Smoothing out AI’s rough edges
Follow the usual AI suspects on X—Andrew Ng, Paige Bailey, Demis Hassabis, Thom Wolf, Santiago Valdarrama, etc.—and you start to discern patterns in emerging AI challenges and how developers are solving them. Right now, these prominent practitioners expose at least two forces confronting developers: amazing capability gains beset by the all-too-familiar (and stubborn) software problems. Models keep getting smarter; apps keep breaking in the same places. The gap between demo and durable product remains the place where most engineering happens.
How are development teams breaking the impasse? By getting back to basics.

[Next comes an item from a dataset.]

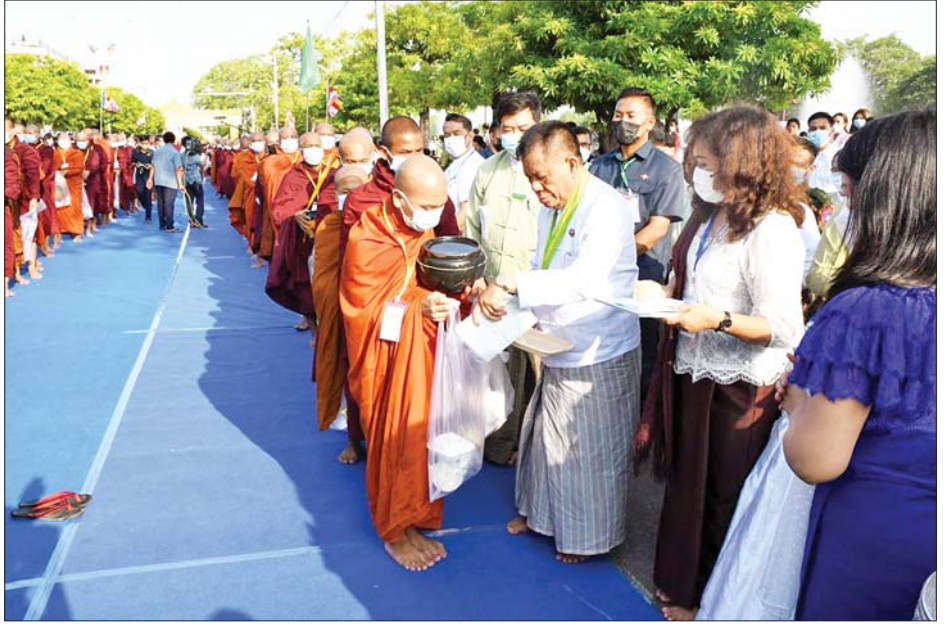
မန္တလေးတိုင်းဒေသကြီး ဝန်ကြီးချုပ် ဦးမောင်ကို မန္တလေးမြို့၊ လေးပြင်လေးရပ်ရှိ သံဃာတော် များအား ဆွမ်း၊ ဆွမ်းဟင်း၊ လှူဖွယ်ပစ္စည်းများနှင့် နဝကမ္မဝတ္ထုငွေများ လောင်းလှူပူဇော်စဉ်။

Things (agents) fall apart
Andrew Ng has been pounding on a point many builders have learned through hard experience: “When data agents fail, they often fail silently—giving confident-sounding answers that are wrong, and it can be hard to figure out what caused the failure.” He emphasizes systematic evaluation and observability for each step an agent takes, not just end-to-end accuracy. We may like the term “vibe coding,“ but smart developers are forcing the rigor of unit tests, traces, and health checks for agent plans, tools, and memory.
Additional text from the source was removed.